“Este é um assunto que é melhor tratado em silêncio.”
Essa foi a frase escolhida pelas autoridades russas quando solicitadas a comentar sobre possíveis trocas de prisioneiros entre Rússia e o Ocidente. Trata-se de palavras ditas alguns meses atrás.
É assim que o Kremlin gosta: negociação a portas fechadas, “diplomacia de reféns” longe dos holofotes da mídia. Serviço de inteligência conversando com serviço de inteligência; governo para governo.
Até Moscou conseguir o que — ou melhor, quem — quer.
Na quinta-feira (01/08), dezesseis pessoas foram libertadas de prisões russas no maior acordo de troca de prisioneiros desde a Guerra Fria.
O presidente dos EUA, Joe Biden, confirmou que o repórter do Wall Street Journal Evan Gershkovich e o veterano da Marinha dos EUA Paul Whelan estão entre as pessoas que estão voltando para os EUA.
Enquanto isso, oito russos detidos em prisões americanas e europeias foram devolvidos em troca. Eles foram detidos nos EUA, Noruega, Eslovênia, Polônia e Alemanha e são suspeitos de vínculos com a inteligência russa.
No entanto, apesar do “silêncio” da Rússia e dos EUA nos meses que antecederam esse acordo, houve sinais. Algo estava em movimento.
Em uma entrevista com o ex-apresentador da Fox News Tucker Carlson em fevereiro, Vladimir Putin falou sobre Evan Gershkovich, o repórter do Wall Street Journal que havia sido preso na Rússia, acusado de espionagem.
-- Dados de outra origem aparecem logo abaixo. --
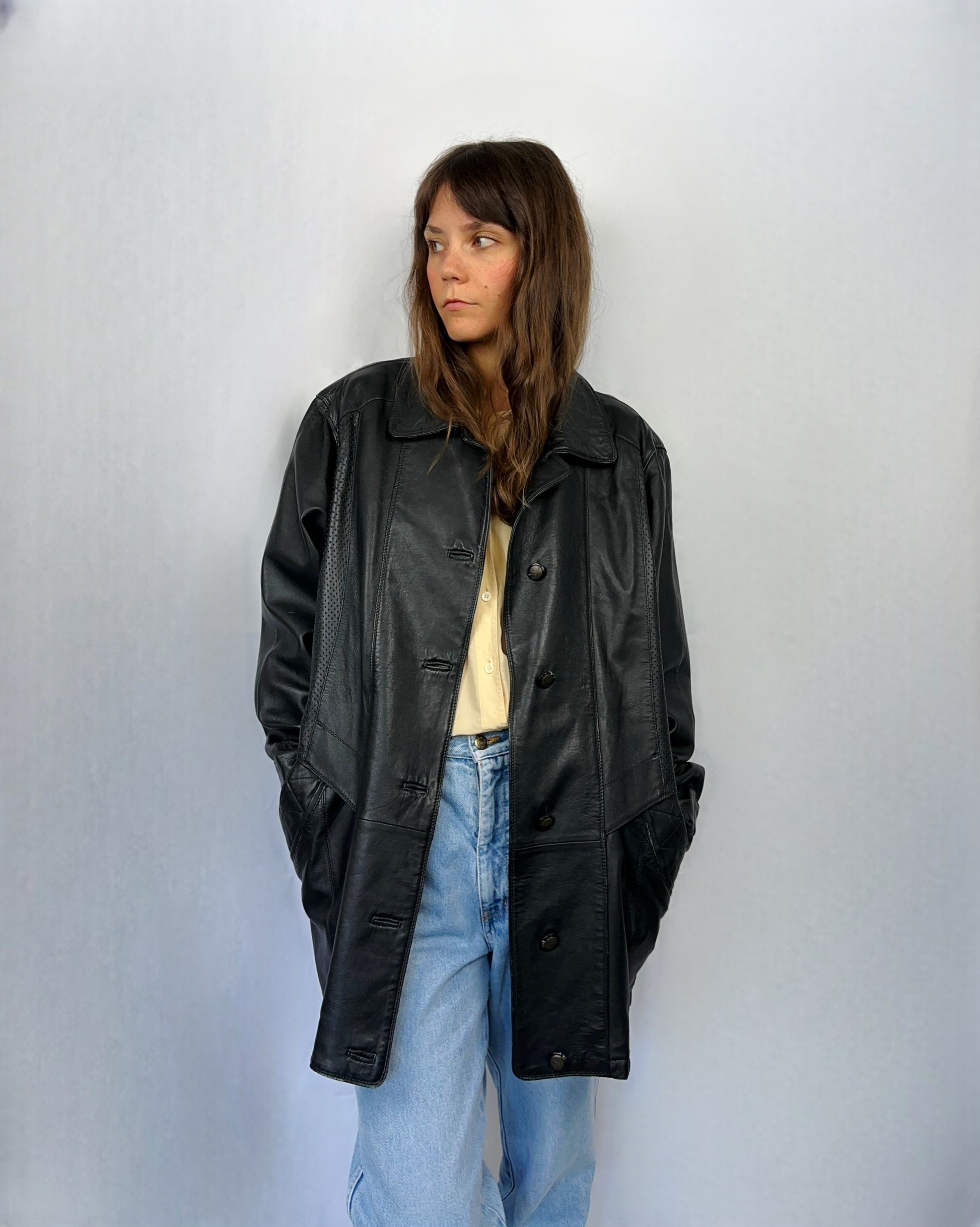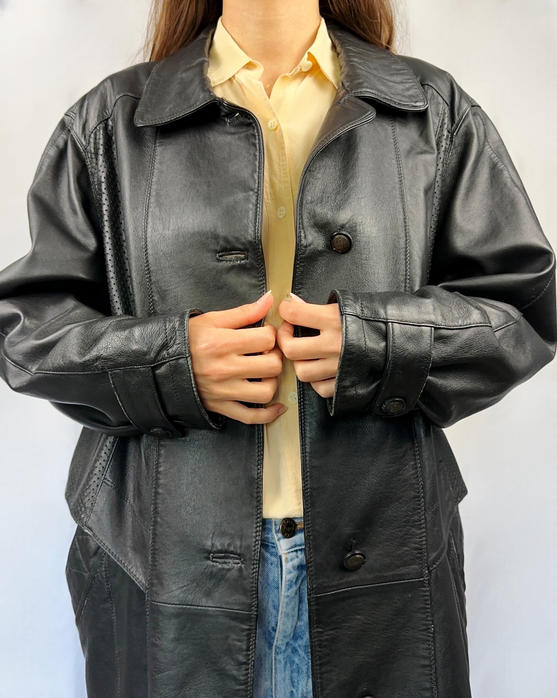 Un capo dallo stile deciso e ricercato, questa giacca nera in vera pelle si distingue per il suo design originale e ricco di dettagli. La particolarità è la mantellina sovrapposta, integrata nella struttura della giacca, che avvolge la parte superiore della schiena e i lati con una raffinata fantasia a buchini traforati. Un gioco di pieni e vuoti che dona leggerezza visiva alla pelle e aggiunge un tocco grafico e moderno.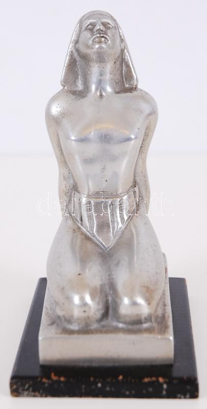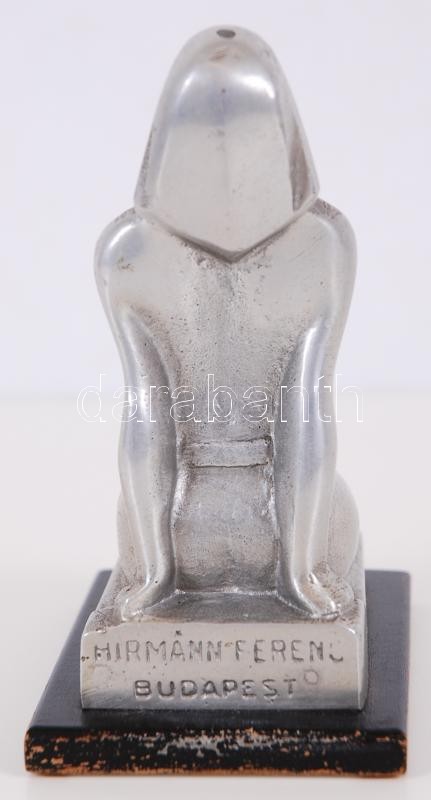 Beschreibung: cca 1900 Ábrándozás. Szecessziós, térdelő akt. Fém, fa talpon. Jelezett: Hirmann Ferenc, Budapest. 14 cm

“Não descarto que Gershkovich possa retornar à sua terra natal”, disse Putin. “Queremos que os serviços especiais dos EUA pensem em como podem contribuir para alcançar as metas que nossos serviços especiais estão buscando.”
Foi uma dica muito pública e pouco sutil: Moscou estava disposto a fazer um acordo.
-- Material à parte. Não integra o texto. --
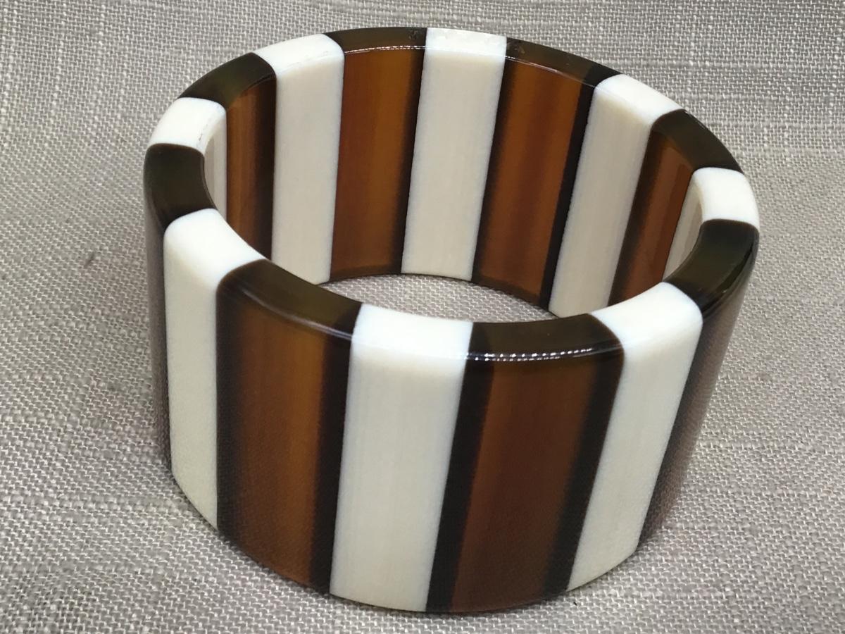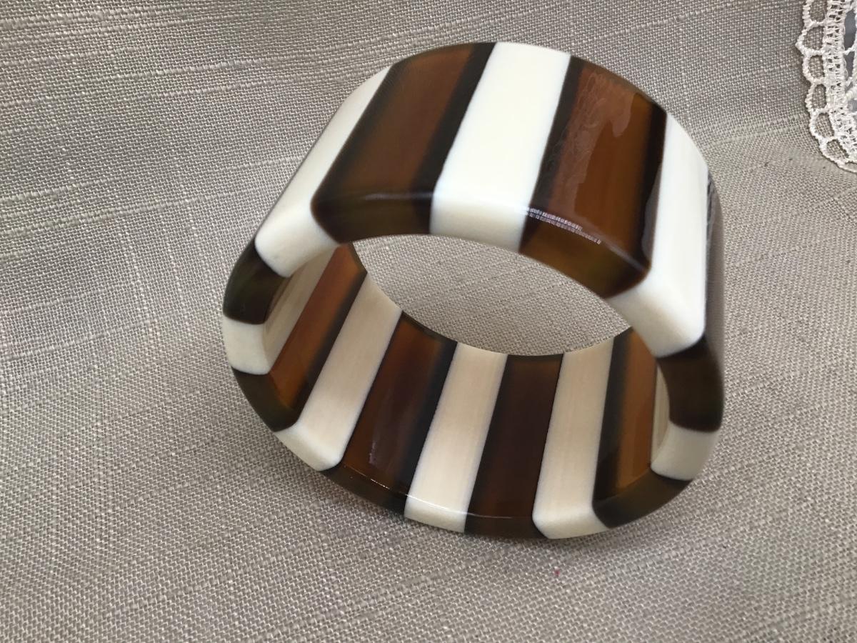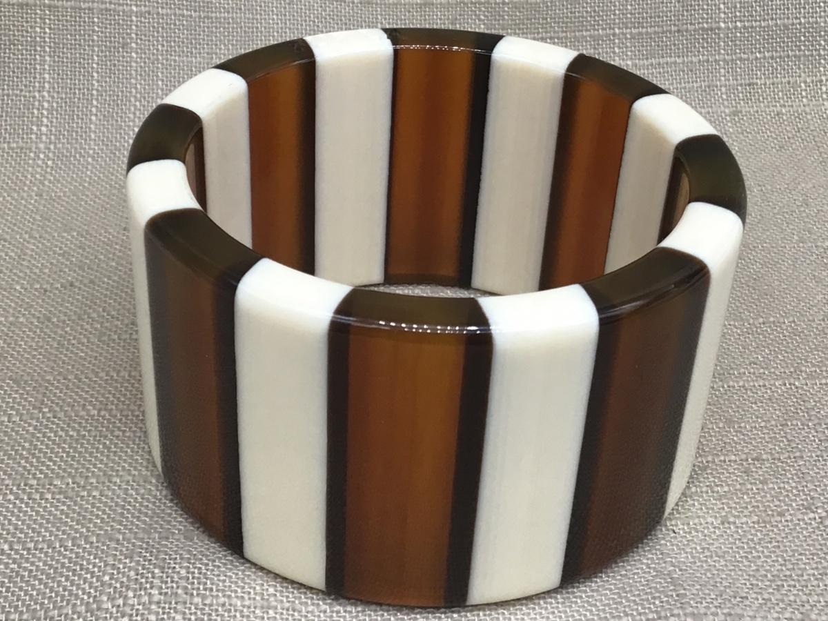 Vintage Paris FURLA Two Tone Amber & Ivory Chunky Lucite Acrylic Bangle Bracelet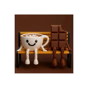Çok Sevimli Bank Üzerinde Çikolata Ve Espresso Biblo Seti / 3'lü Dekoratif Figür Hediyelik Çeyizlik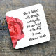 Proverbs 31:25 says that an ideal Christian woman is clothed in dignity, meaning comfortable in the now, and prepared for days to come. This floral Bible verse coaster is a great reminder to the women in your church that God created us able to handle what he sends us. It's a great Christian coaster to show a comfortable woman or to encourage other women to be close to the ideal Christian woman. This Christian affirmation coaster shows half of a red rose photograph next to the words of a favorite scripture passage: Proverbs 31:25. It's easy to personalize the text to be a unique gift or motivational Christian coaster. "She is clothed with strength and dignity; she can laugh at the days to come."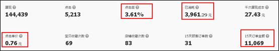 可以看出在消耗差不多的情況下,cpc從最開(kāi)始的1.14元到現(xiàn)在的0.76元,cpc是下降了,點(diǎn)擊率從0.68%到3.61%,點(diǎn)擊率可謂是蹭蹭的上漲。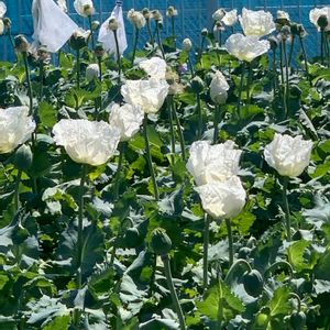 けしの花 鉄格子、鉄条網で厳重な管理の中で栽培 されています。 (東京都薬用植物園にて)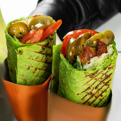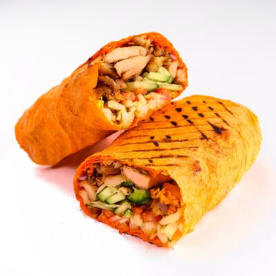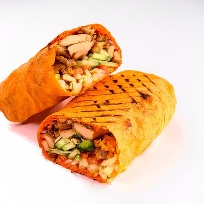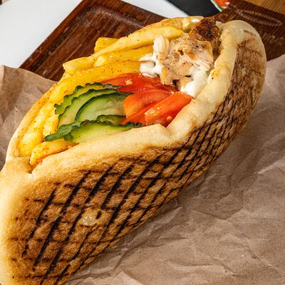 Лаваш, пекинская капуста, фирменный чесночный соус, помидоры, огурцы, филе куриной грудки, моцарелла, сырный соус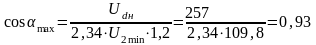 Поскольку амплитуда первой гармоники пульсаций выходного напряжения выпрямителя зависит от угла регулирования, необходимо определить максимальное значение этого угла: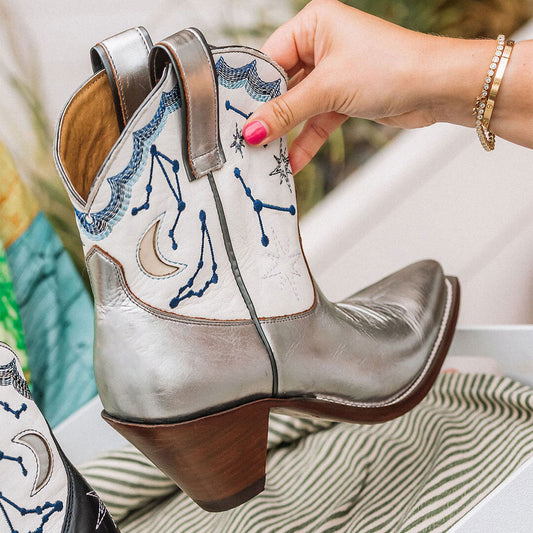 Contrast White And Metallic Silver Snip-Toe Cosmic Embroidery Moon Inlay Ankle Cowgirl Boots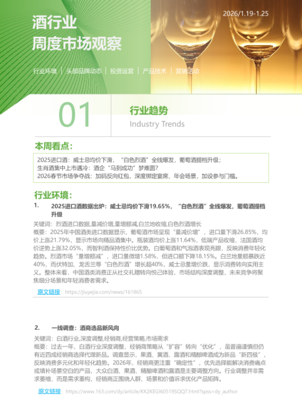 【艾瑞咨询】【202601】酒行业周度市场观察-8页 市场调研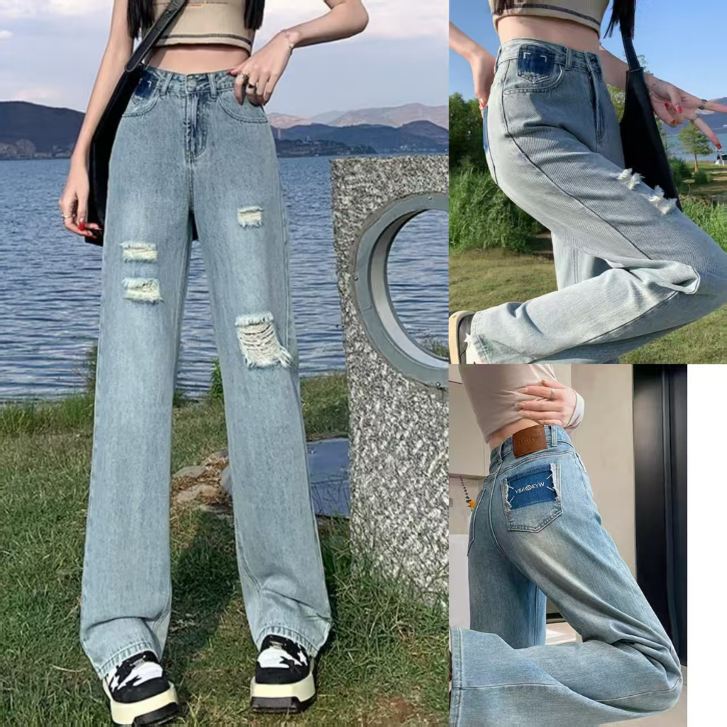 Baggy Jeans for Woman mom jeans high waist Pants wide leg pants high waist Tattered Jeans COD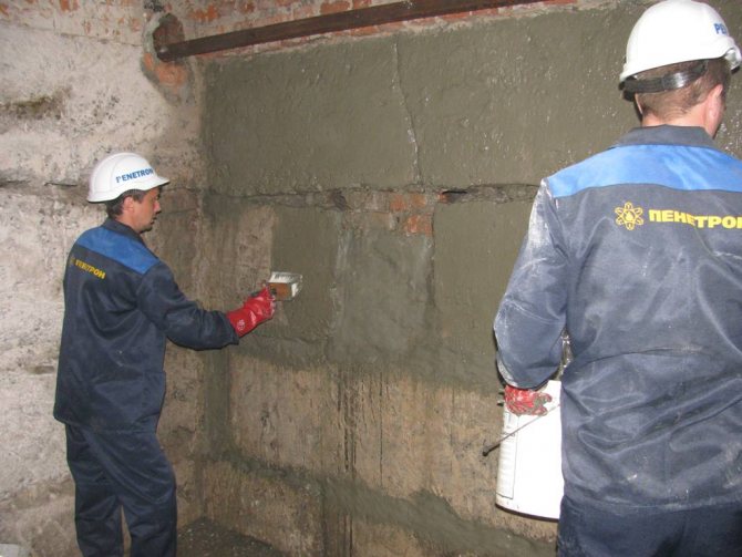 Het idee van penetratie (penetrerende waterdichting) ontstond in het midden van de vorige eeuw in Europa. Het werkingsmechanisme van cementmaterialen wordt gereduceerd tot de reactie van vrije kalk (en die zit altijd in een kunststeen!), Capillair water en ingenieuze actieve reagentia. Als resultaat een betrouwbare bescherming wordt gevormd in de dikte van de bases, waardoor het binnendringen van vocht wordt geblokkeerd.

O líder do Kremlin não citou nomes. Mas ele deixou bem claro quem a Rússia queria em troca: Vadim Krasikov, o suposto agente russo que estava cumprindo pena de prisão perpétua por assassinato — não nos EUA, mas na Alemanha.
Alguns dias depois, o líder da oposição russa Alexei Navalny morreu em uma remota colônia penal no Ártico. Circularam rumores de que, antes de sua morte, estavam em andamento negociações para trocar Navalny, Evan Gershkovich e o ex-fuzileiro naval americano Paul Whelan, todos presos na Rússia, por Vadim Krasikov na Alemanha.
As autoridades alemãs haviam entrado em negociações sobre a troca de prisioneiros?
Avance para junho. O julgamento de espionagem a portas fechadas de Evan Gershkovich — considerado uma “farsa” pelo Wall Street Journal e pelo governo dos EUA — finalmente começou em Ecaterimburgo. O caso foi rapidamente adiado até meados de agosto.
Mas, no mês passado, o tribunal inesperadamente antecipou a segunda audiência em mais de três semanas. No final de um julgamento ultrarrápido de três dias, Evan Gershkovich foi condenado e sentenciado a 16 anos em uma colônia penal.
No mesmo dia, a jornalista russo-americana Alsu Kurmasheva foi condenada a seis anos e meio de prisão por um tribunal em Kazan. Seu julgamento durou apenas dois dias.
Alguém estava claramente com pressa.
Foi o sinal mais forte até agora de que um acordo havia sido feito, de que uma troca era provável. As autoridades russas normalmente tratam a condenação como um pré-requisito para qualquer troca de prisioneiros.
No início desta semana, houve mais sinais, com relatos de que uma série de proeminentes prisioneiros políticos russos haviam sido retirados de suas colônias penais ou centros de detenção.
A especulação cresceu. Esses dissidentes poderiam fazer parte de uma troca de prisioneiros maior do que a prevista originalmente?
Surgiram notícias em Belarus: o líder do país, Alexander Lukashenko, concordou em perdoar Rico Krieger, cidadão alemão condenado à morte por terrorismo e outras acusações. Ele poderia fazer parte de uma troca?
Agora sabemos. Esta é a maior troca de prisioneiros entre os EUA e a Rússia desde a Guerra Fria.
Os governos ocidentais receberão com entusiasmo a libertação de estrangeiros, bem como a liberdade de alguns dos prisioneiros políticos mais proeminentes da Rússia.
Moscou celebrará o retorno de seus agentes.
Ambos os lados alegarão que é um bom negócio.
Mas se a Rússia concluir, como fez no passado, que a “diplomacia de reféns” funciona, é improvável que seja a última vez que prisioneiros — tanto estrangeiros quanto russos — sejam usados como moeda de troca.